> Supplied data
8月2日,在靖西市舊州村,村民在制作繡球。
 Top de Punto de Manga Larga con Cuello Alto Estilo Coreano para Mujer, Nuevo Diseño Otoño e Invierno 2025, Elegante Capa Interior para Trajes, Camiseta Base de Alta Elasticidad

* * *

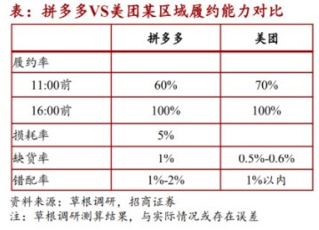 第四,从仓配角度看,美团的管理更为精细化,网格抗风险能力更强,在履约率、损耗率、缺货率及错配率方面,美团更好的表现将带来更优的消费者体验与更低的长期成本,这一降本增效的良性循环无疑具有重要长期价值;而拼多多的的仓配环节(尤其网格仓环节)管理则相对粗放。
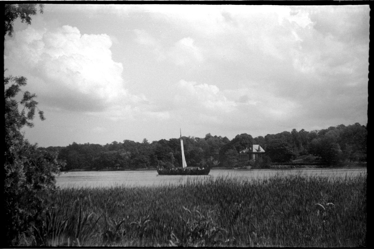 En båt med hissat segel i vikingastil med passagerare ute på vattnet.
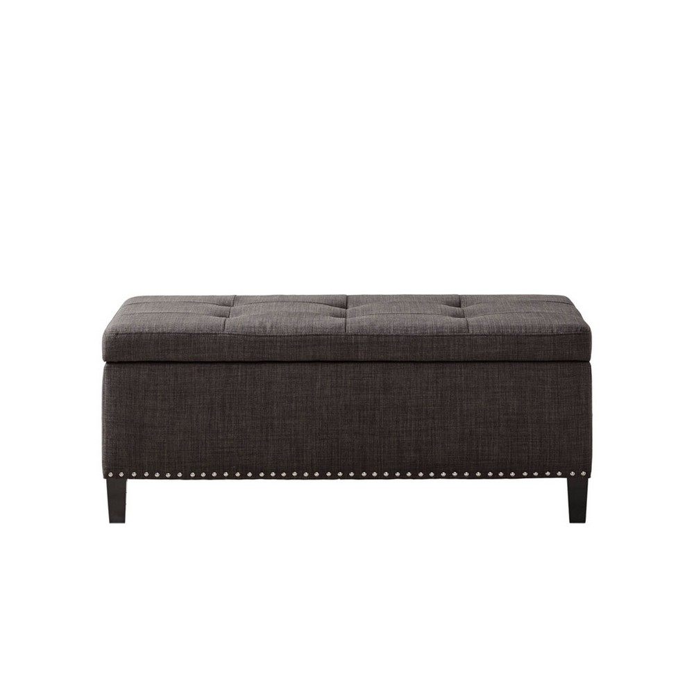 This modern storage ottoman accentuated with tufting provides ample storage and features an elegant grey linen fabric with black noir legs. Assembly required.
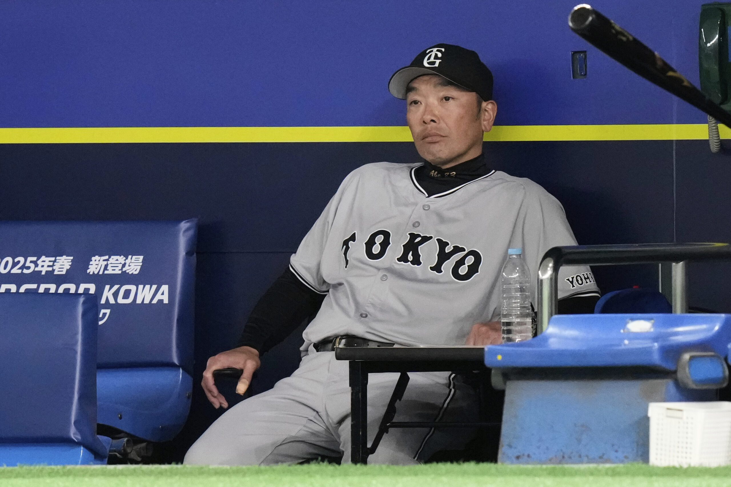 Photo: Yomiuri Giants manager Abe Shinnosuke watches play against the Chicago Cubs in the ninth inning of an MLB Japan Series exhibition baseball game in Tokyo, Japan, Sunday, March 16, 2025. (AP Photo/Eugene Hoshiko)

---

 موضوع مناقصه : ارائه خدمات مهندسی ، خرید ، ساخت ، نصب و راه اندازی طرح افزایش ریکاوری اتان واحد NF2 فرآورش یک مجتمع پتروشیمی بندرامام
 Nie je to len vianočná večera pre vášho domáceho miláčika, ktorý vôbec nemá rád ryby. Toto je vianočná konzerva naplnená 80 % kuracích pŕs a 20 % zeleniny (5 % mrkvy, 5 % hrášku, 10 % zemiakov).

> Instructions for the task
Exact copy, pictures excluded: every line above from the one containing "第四,从仓配角度看,美团的管" to the one containing "Photo: Yomiuri Giants", inclusive, and nothing more.

> Exercise solution
 第四,从仓配角度看,美团的管理更为精细化,网格抗风险能力更强,在履约率、损耗率、缺货率及错配率方面,美团更好的表现将带来更优的消费者体验与更低的长期成本,这一降本增效的良性循环无疑具有重要长期价值;而拼多多的的仓配环节(尤其网格仓环节)管理则相对粗放。
 En båt med hissat segel i vikingastil med passagerare ute på vattnet.
 This modern storage ottoman accentuated with tufting provides ample storage and features an elegant grey linen fabric with black noir legs. Assembly required.
 Photo: Yomiuri Giants manager Abe Shinnosuke watches play against the Chicago Cubs in the ninth inning of an MLB Japan Series exhibition baseball game in Tokyo, Japan, Sunday, March 16, 2025. (AP Photo/Eugene Hoshiko)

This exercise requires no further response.